This is Not the Whole Truth: The Ethics of Telling Stories to Clients
Steven J. Johansen
Lewis & Clark Law School
Arizona State Law Journal, Vol. 38, p. 961, 2006
Lewis & Clark Law School Legal Studies Research Paper No. 2008-6
This is not the whole truth. Rather, it is a tale of deception. More precisely, it is a reflection on storytelling and the law. It begins from the premise that stories, by their nature, can never tell the whole truth. Stories are told from a point of view, and that point of view necessarily limits the story. If told from another point of view, the truth of the story would change. To at least some degree, then, stories are incomplete analytical tools, and as such, deceptive. Despite the incomplete nature of stories, they can be powerful tools of persuasion. This creates a dilemma: when does the deception inherent in storytelling make storytelling an inappropriate tool of persuasion in a legal context? This article seeks to define the limits of legal storytelling generally and of storytelling to clients in particular.
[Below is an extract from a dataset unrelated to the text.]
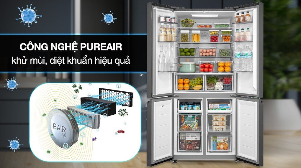 Tích hợp công nghệ PureAir tạo ra plasma ion siêu mạnh tìm kiếm và tiêu diệt vi khuẩn với hiệu quả 99.99%, khử mùi hôi khó chịu 99% toàn diện trong cả ngăn lạnh và ngăn đá, đảm bảo thực phẩm tươi lâu hơn, bảo vệ sức khỏe của gia đình tốt hơn.
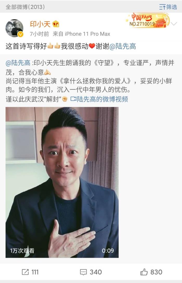4月13日,演员印小天转发了一条自己朗读诗歌《守望》的微博,丰富的表情、雄浑的嗓音、充沛的感情又引起了一波“回忆杀”!

Part II explores how the American Bar Association (ABA) not only tolerates deception, but in some cases requires it. The second inquiry, discussed in Part III, is storytelling's ability to inform and persuade in a way that rational analysis cannot. Part III of this paper explores how stories persuade through appealing to the listener's emotions, or, in Aristotelian terms, pathos. The final inquiry regards lawyer-client relations. Part IV explores the inherent conflict between a lawyer's responsibility to counsel a client and a client's own autonomy.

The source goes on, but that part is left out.